BEGIN
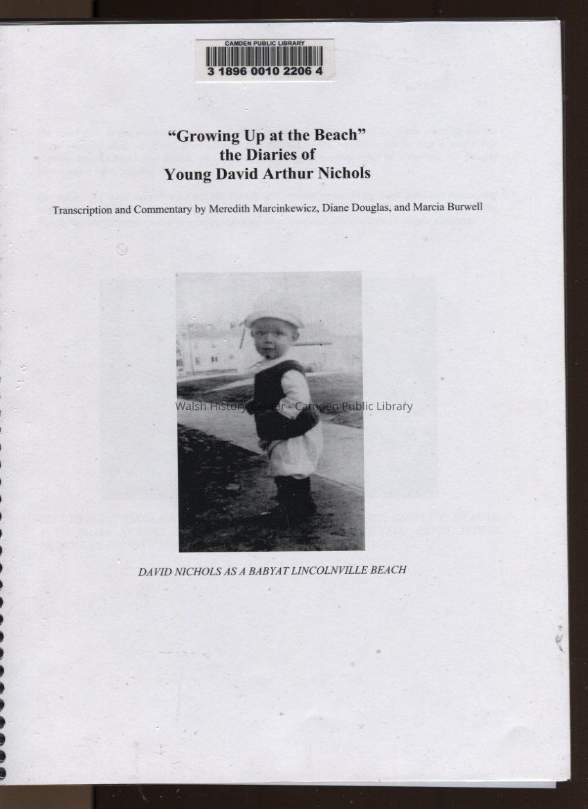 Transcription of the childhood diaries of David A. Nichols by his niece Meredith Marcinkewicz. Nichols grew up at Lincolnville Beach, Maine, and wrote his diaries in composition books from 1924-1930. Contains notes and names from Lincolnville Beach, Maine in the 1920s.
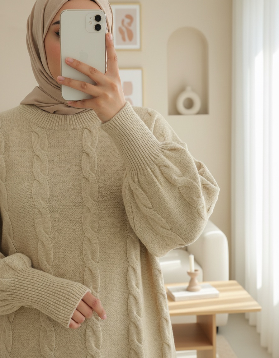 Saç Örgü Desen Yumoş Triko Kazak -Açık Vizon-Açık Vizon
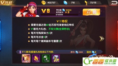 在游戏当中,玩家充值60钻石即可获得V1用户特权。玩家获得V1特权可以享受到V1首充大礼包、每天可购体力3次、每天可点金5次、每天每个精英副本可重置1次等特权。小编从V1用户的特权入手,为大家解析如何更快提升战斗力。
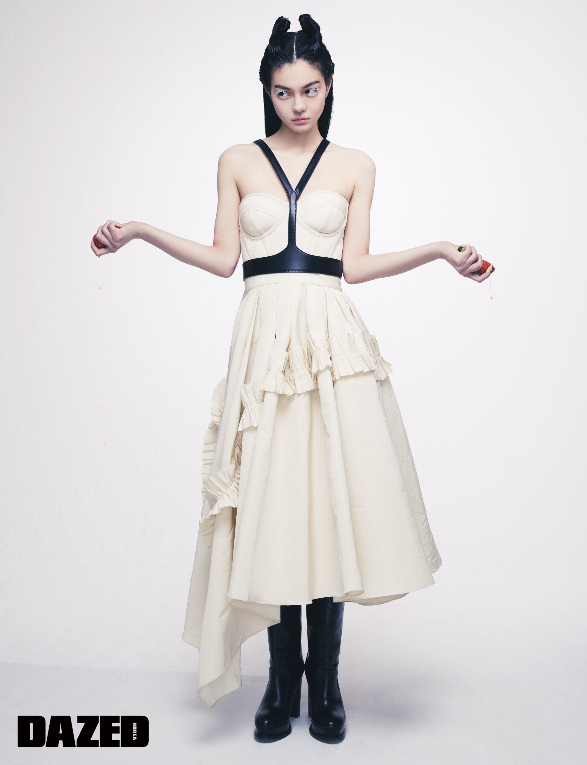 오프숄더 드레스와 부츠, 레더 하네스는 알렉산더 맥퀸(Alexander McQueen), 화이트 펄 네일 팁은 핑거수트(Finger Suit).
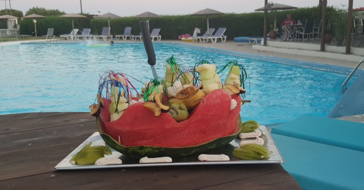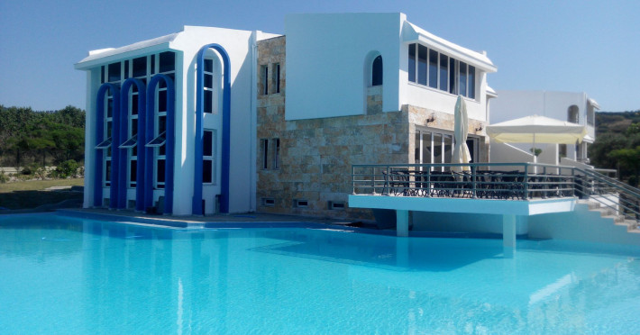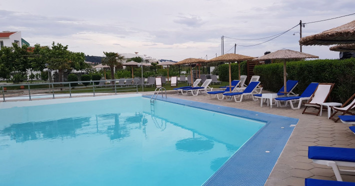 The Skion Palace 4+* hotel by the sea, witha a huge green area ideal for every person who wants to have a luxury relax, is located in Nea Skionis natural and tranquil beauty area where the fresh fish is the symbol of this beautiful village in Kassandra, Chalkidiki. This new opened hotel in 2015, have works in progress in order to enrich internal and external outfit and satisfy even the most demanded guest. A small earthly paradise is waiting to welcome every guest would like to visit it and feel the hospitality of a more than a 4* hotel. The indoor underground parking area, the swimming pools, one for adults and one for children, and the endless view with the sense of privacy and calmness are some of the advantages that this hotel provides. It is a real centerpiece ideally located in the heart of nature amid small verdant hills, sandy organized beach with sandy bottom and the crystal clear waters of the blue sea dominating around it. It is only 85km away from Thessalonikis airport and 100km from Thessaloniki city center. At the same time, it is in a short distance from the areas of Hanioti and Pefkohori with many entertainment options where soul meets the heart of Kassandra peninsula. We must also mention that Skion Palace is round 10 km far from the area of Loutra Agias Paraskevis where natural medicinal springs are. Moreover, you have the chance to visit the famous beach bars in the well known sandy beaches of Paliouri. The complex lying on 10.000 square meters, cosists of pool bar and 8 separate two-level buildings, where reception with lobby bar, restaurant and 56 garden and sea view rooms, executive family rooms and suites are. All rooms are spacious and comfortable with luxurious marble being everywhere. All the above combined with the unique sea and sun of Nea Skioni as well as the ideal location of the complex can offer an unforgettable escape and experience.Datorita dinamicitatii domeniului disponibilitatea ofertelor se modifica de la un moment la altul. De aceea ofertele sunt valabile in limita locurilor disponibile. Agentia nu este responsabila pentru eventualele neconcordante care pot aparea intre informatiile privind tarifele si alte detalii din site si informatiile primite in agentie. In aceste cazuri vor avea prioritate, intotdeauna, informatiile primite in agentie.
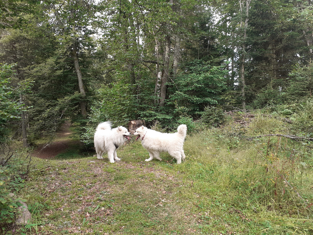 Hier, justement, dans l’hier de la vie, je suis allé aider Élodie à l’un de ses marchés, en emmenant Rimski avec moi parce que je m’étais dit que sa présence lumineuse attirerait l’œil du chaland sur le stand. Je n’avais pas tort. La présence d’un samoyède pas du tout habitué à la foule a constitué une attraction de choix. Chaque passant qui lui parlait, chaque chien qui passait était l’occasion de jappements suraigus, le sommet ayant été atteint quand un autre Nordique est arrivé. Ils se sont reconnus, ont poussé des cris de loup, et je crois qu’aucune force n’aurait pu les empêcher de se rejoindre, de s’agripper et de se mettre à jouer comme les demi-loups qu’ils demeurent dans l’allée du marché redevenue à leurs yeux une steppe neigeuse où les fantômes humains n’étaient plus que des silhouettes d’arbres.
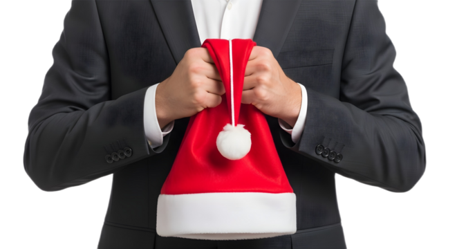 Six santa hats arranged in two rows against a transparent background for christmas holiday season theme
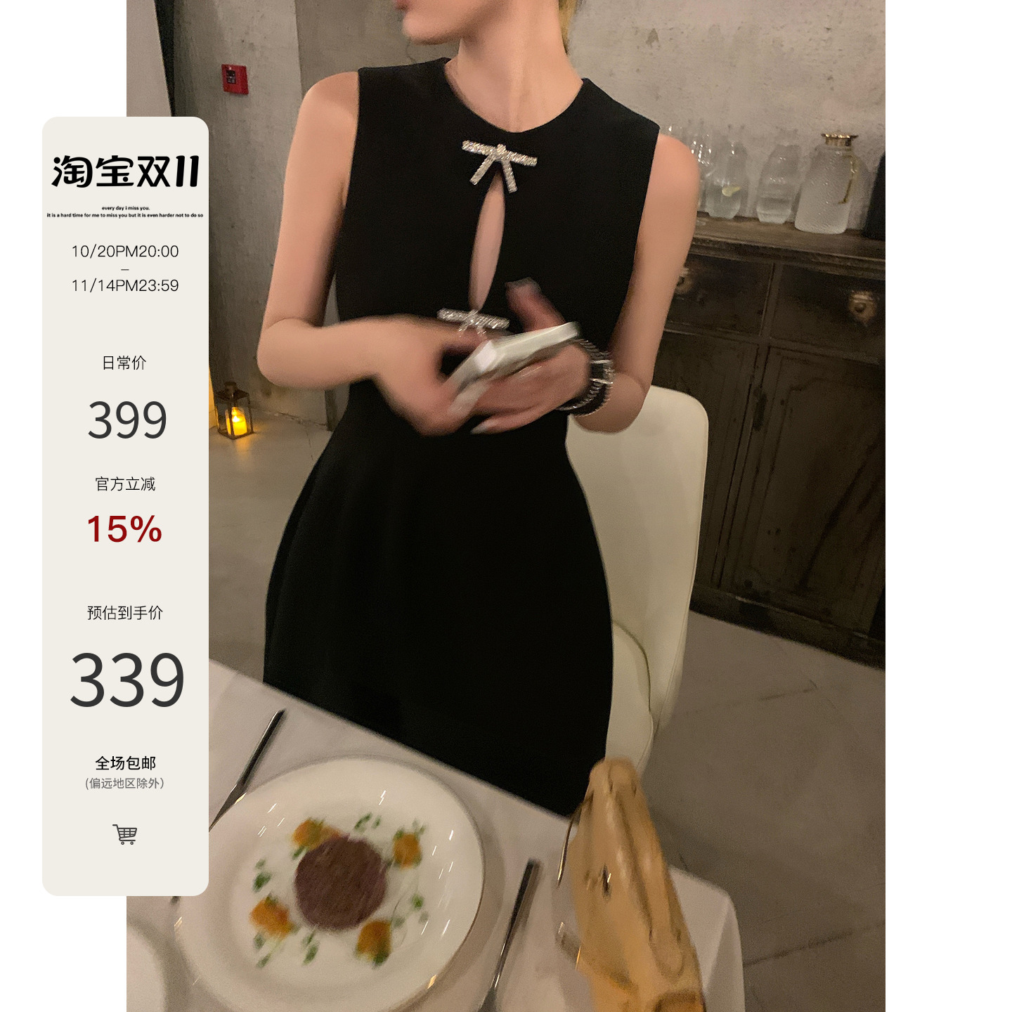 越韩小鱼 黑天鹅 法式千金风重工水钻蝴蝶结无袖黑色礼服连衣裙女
END
BEGIN
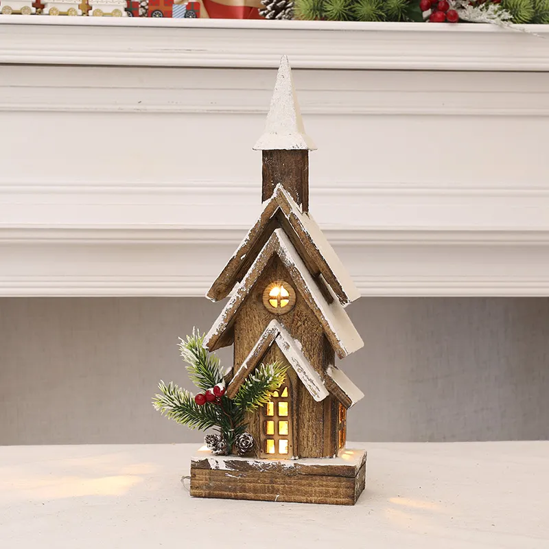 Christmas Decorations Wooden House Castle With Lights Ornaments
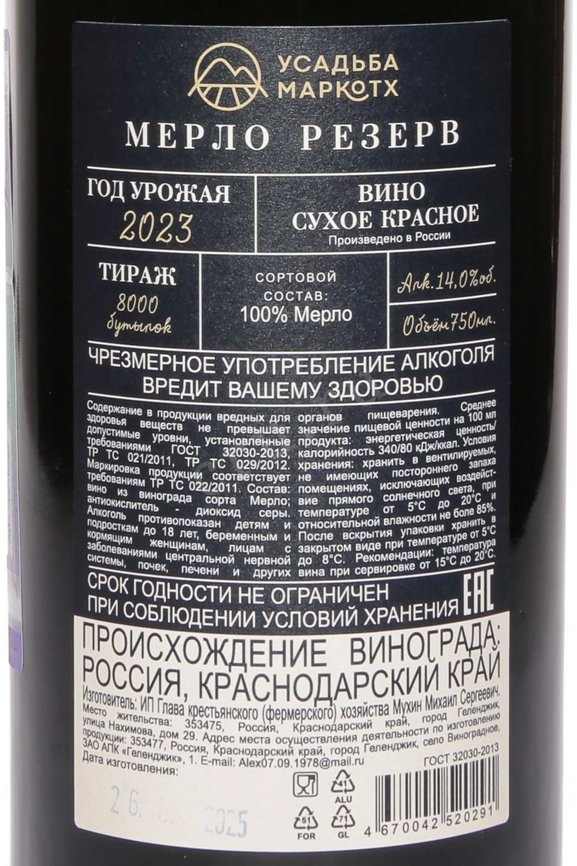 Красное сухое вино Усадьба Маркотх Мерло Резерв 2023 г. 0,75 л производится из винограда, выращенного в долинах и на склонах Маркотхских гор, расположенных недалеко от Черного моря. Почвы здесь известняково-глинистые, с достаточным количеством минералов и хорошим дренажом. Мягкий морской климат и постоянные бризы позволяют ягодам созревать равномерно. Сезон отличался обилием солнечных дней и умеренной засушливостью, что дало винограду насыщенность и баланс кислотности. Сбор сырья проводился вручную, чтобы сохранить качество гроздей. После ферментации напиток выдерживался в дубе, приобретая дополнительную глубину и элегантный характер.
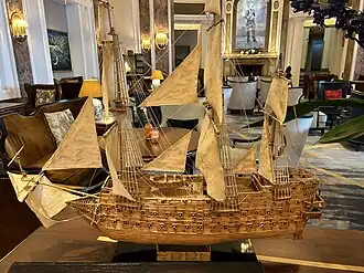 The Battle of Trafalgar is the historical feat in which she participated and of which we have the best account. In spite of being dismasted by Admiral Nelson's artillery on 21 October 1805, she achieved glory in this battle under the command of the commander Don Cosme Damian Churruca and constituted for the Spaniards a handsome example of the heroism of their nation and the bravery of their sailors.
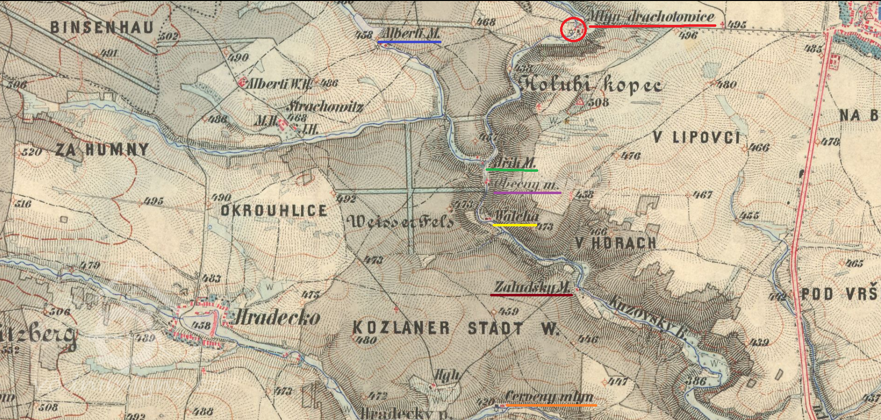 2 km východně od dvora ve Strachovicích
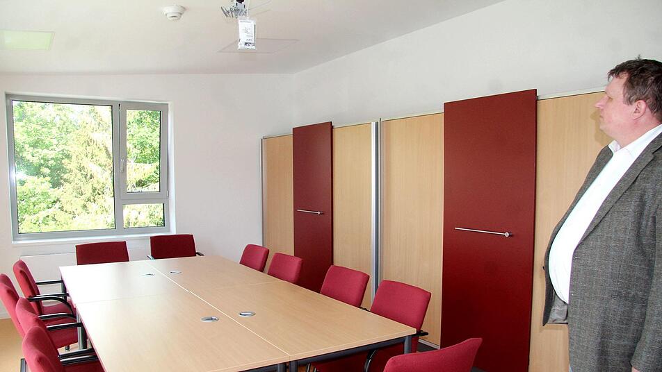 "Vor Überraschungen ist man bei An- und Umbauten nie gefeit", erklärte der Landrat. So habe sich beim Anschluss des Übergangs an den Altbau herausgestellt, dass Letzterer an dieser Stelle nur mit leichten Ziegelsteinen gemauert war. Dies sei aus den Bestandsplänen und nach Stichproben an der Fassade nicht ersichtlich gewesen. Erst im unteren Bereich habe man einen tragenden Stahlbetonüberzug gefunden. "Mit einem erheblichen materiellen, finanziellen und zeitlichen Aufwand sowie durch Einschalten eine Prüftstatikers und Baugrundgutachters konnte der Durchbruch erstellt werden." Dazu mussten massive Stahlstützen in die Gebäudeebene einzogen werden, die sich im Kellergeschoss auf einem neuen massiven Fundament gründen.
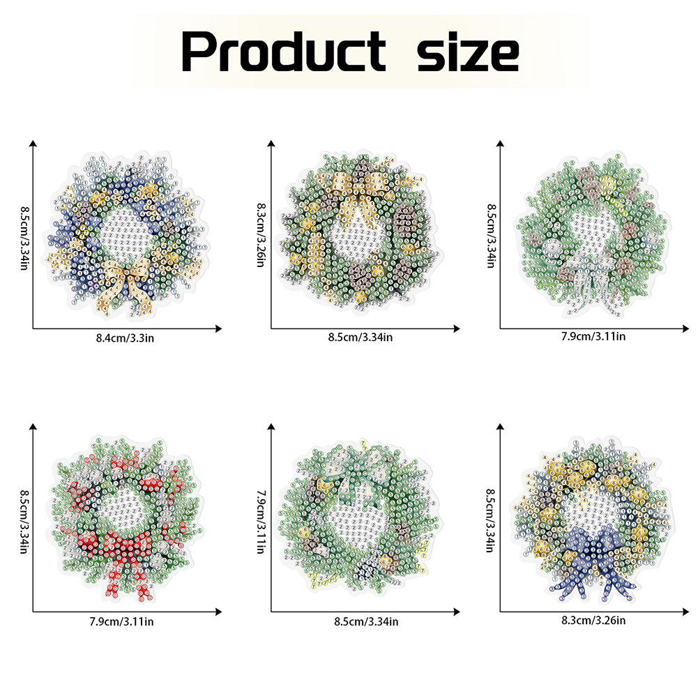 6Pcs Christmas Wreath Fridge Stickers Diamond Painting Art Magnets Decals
END
Problem → Skipping every picture, transcribe exactly the lines above from the one containing "在游戏当中,玩家充值60钻石" through the one containing "오프숄더 드레스와 부츠, 레더", both included.

Your response →
 在游戏当中,玩家充值60钻石即可获得V1用户特权。玩家获得V1特权可以享受到V1首充大礼包、每天可购体力3次、每天可点金5次、每天每个精英副本可重置1次等特权。小编从V1用户的特权入手,为大家解析如何更快提升战斗力。
 오프숄더 드레스와 부츠, 레더 하네스는 알렉산더 맥퀸(Alexander McQueen), 화이트 펄 네일 팁은 핑거수트(Finger Suit).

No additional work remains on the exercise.